Extract

This commentary refers to ‘2018 ESC/EACTS Guidelines on myocardial revascularization’, by N. Franz-Josef et al., 2019;40:87–165.

We commend the guideline authors in assimilating such a large amount of data into a well-structured, easy to read document that provides practising cardiologists with a useful day-to-day reference for a wide-ranging number of clinical scenarios.

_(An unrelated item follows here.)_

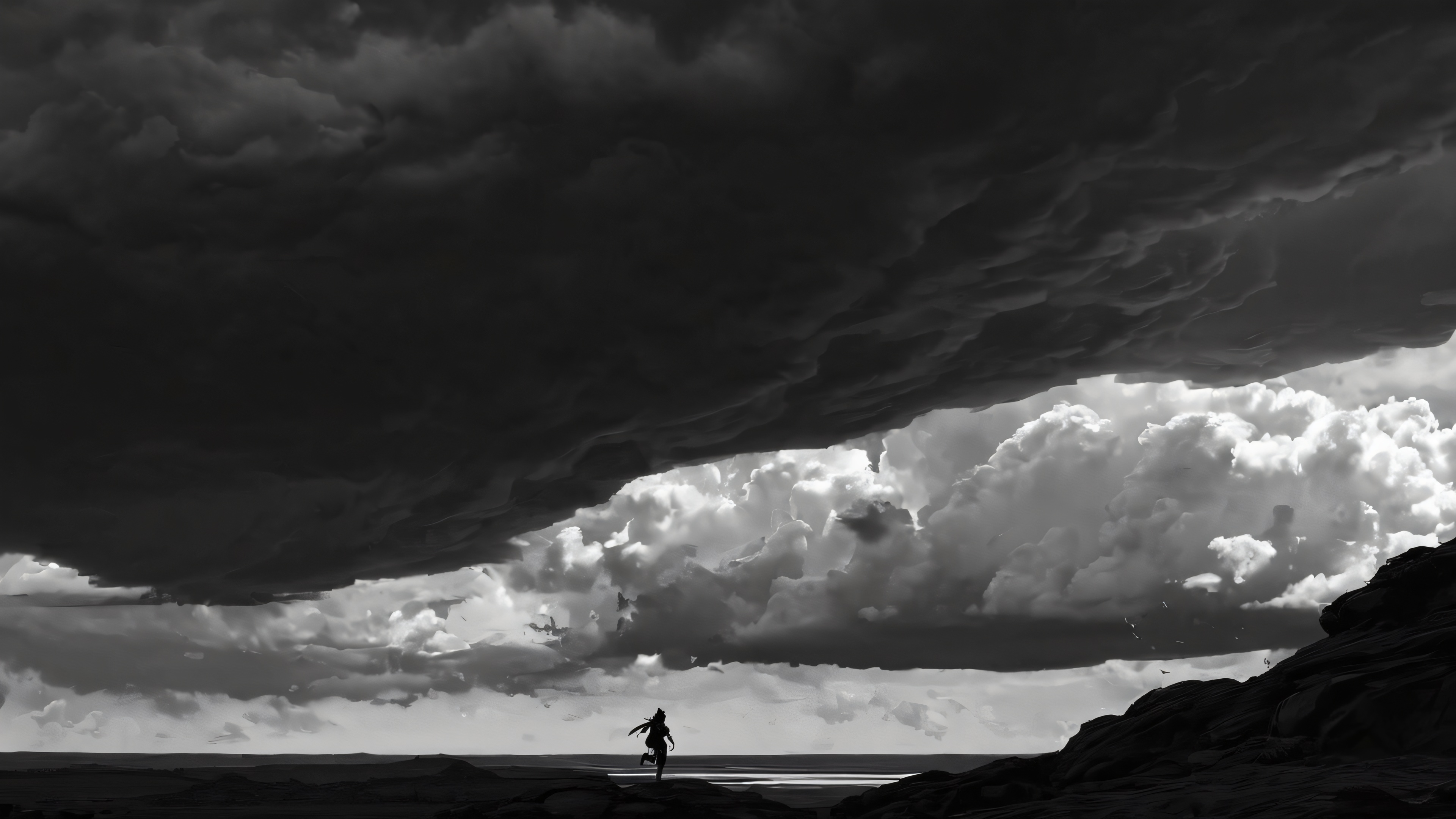 Breathtaking cyberpunk landscape featuring running video game characters set against an expanse of deep, perfect blacks and striking contrast. Elegant luminescent accents add a touch of sophistication to the sleek dark mode aesthetic.

New emphasis is placed on prioritizing the completeness of revascularization when considering coronary artery bypass grafting (CABG) vs. percutaneous intervention (PCI), with a concise figure outlining situations in which each are favoured.1 In clinical practice, however, there are situations where neither CABG nor PCI may be able to achieve complete revascularization. In such cases would the authors advocate an up-front hybrid approach of CABG with PCI of vessels predicted to be ungrafted, or a strategy of post-CABG functional assessment to identify areas thought not to be fully revascularized at the time of the bypass? For example, it may be possible to predict that proximal side branches would be trapped between the bypassed distal stenosis and a more proximal stenosis; such as a native ostial left anterior descending (LAD) stenosis and a mid-LAD stenosis receiving a distal graft may have trapped septal or diagonal branches that receive insufficient blood supply from the retrograde left internal mammary artery (LIMA) flow or the anterograde native LAD flow. Incomplete revascularization can also occur if technical issues arise during surgery such that it deviates from the proposed operation. In such circumstances would the authors advocate that an ischaemic burden of >10% of the left ventricle would warrant further revascularization?